Classification introduction
Text classification application
Classifiers
Naïve Bayes Classifier
Vector Space Classification

Rocchio classification
Feature Selection
Evaluating Classifiers

a university for the

1. Classification introduction
Classification (a.k.a categorization) is the process of classifying big data into categories by using classifiers learned from training samples.
Classification problem can be
A “binary” classification problem If there are exactly two classes;
A “multi-class” problem if there are more than two classes and each data object (e.g., a document) falls into exactly one class or
A “multi-label categorization” problem if a data object (e.g., document) may have more than one associated category in a classification scheme.
The process of classification generally consists of the feature selection, classification model (classifier) development and classification evaluation tasks.

a university for the

Classification vs.

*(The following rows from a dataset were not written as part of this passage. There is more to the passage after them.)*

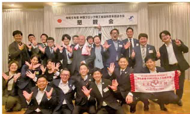
単会の枠組みを超えて懇親を深めるYEGメンバー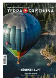
5/25 Bündner Luft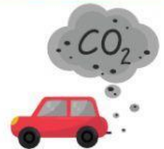
คาร์บอนไดออกไซด์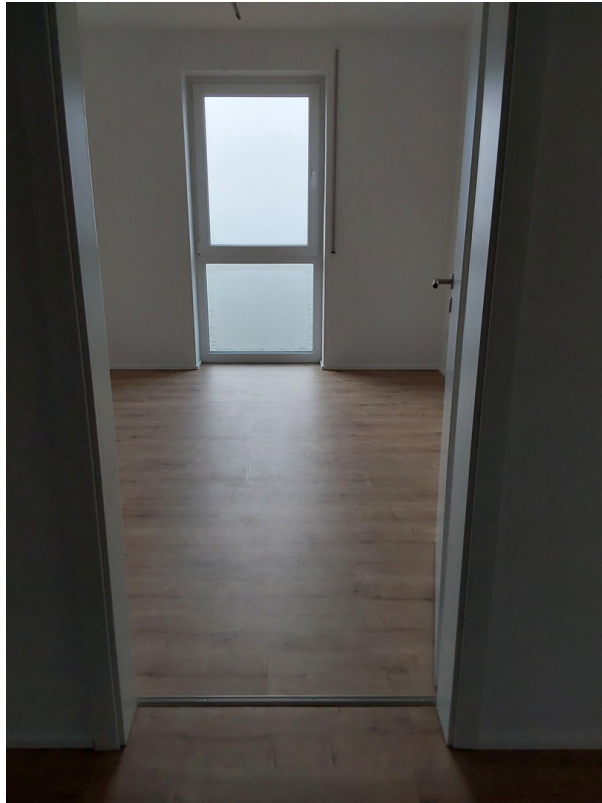
Kinderzimmer 2 in 14b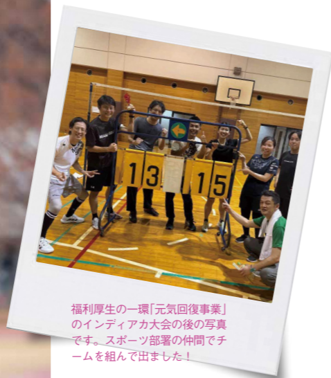
福利厚生の一環「元気回復事業」のインディアカ大会の後の写真です。スポーツ部署の仲間でチームを組んで出ました！

県職員は、民間企業を「支援」することで、県民の皆さんのより良い生活の実現を目指す「縁の下の力持ち」。胸を張れる仕事だと思います。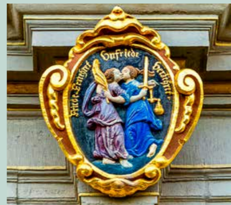
La giustizia e la pace si baciano (Sal 85,11)

È come se l'apostolo Paolo avesse scritto queste parole apposta per Nicolao della Flue. Nel Ranft, per lui il cibo e le bevande non erano una priorità. Lì trascorse gli anni in silenzio pregando e digiunando e diventò un grande consigliere e pacificatore. Decine di migliaia di persone da mezza Europa vennero da lui con le loro richieste concrete. Ancora oggi. Preoccupazioni sulle guerre, lotte e conflitti su larga e piccola scala hanno giocato e giocano tuttora un ruolo importante. Ma la pace non può esistere senza giustizia. Nicolao della Flue lo sapeva bene. «La pace è sempre in Dio»,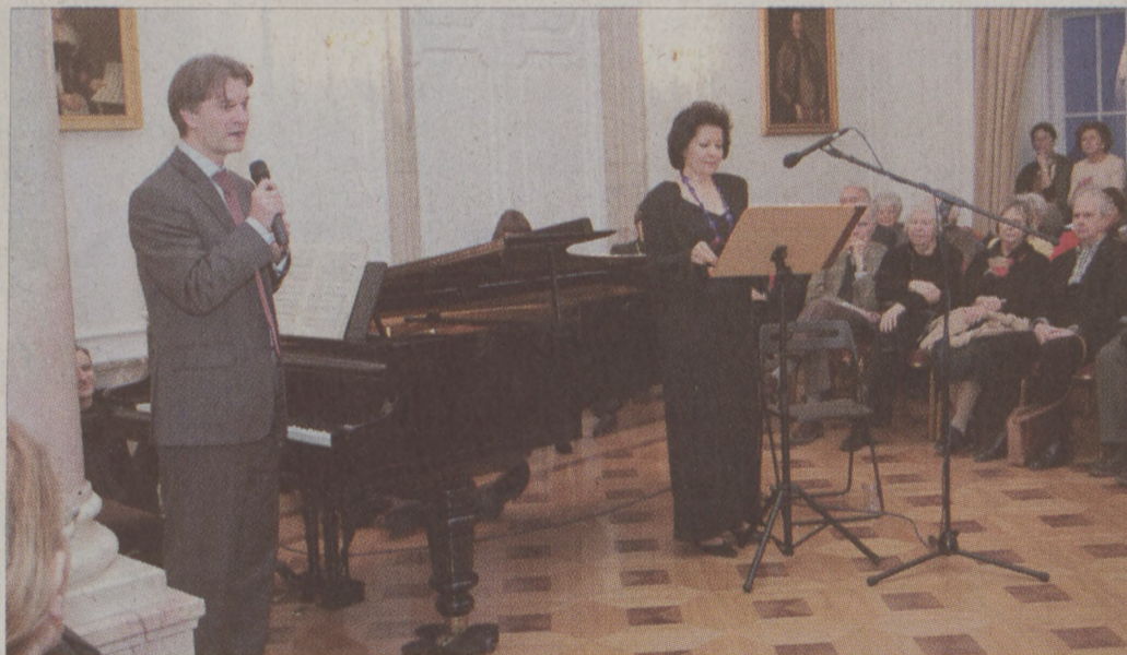
A szerelem volt a téma a Budavári Zenei Szalonban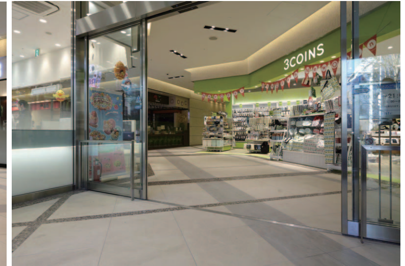
商業施設1F南側エントランス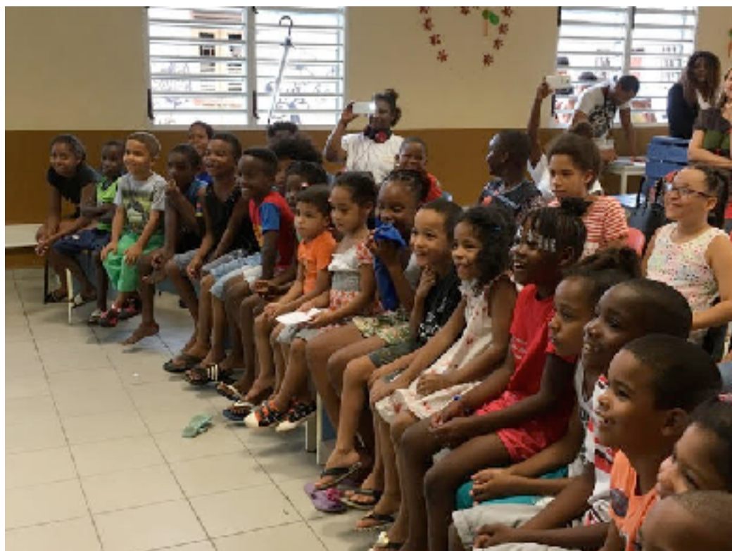
Maison de quartier du Village Chinois - Cayenne - Guyane - mars 2017

Les représentations peuvent se prolonger par des débats préparés et menés en fonction des publics et des réalités locales.

Clustering
Machine Learning Methods
Supervised learning – infers a classifier of functions from labelled training data.
Semi-supervised learning – assumes a small training set and it intends to enlarge the small training set by using some unlabeled data.
Unsupervised learning – learns patterns from unlabelled data.
Classification and clustering are classical pattern recognition / machine learning problems
Classification
Asks “what class does this item belong to?”
Supervised learning task
Clustering
Asks “how can I group this set of items?”
Unsupervised learning task
Items can be documents, queries, emails, entities, images, etc.
Useful for a wide variety of search engine tasks

a university for the

Document Classification
Document classification is to assign a document to one or more classes or categories.
The documents to be classified may be texts, images, music, etc.
When not otherwise specified, text classification is implied.
Documents may be classified according to their subjects (contents) or other attributes (or meta-data, such as document type, author, printing year etc.)
The content-based approach
The class assigned to a document is based on subjects (topics) in the document.
The request-based approach
The class assigned to a document is based on “relevance”, i.e., the anticipated request from users is influencing how documents are being classified.  It is targeted towards a particular audience or user group.
The statistical approaches for categorization
It uses machine learning methods to learn automatic classification rules based on human-labelled training documents.

a university for the

2. Text Classification Application
Classification is widely used for dealing with big data.
Example applications
Spam detection
Sentiment classification
Semantic classification of advertisements
Many others not covered here!

a university for the

Spam, Spam, Spam
Classification is widely used to detect various types of spam
There are many types of spam
Adding links to message boards
Link exchange networks
Link farming
URL term spam
Phrase stitching

a university for the

Spam Detection
Useful features
Formatting (invisible text, flashing, etc.)
Misspellings
IP address
Different features are useful for different spam detection tasks
Email and web page spam are by far the most widely studied, well understood, and easily detected types of spam
Assassin is an intelligent email filter to identify spam.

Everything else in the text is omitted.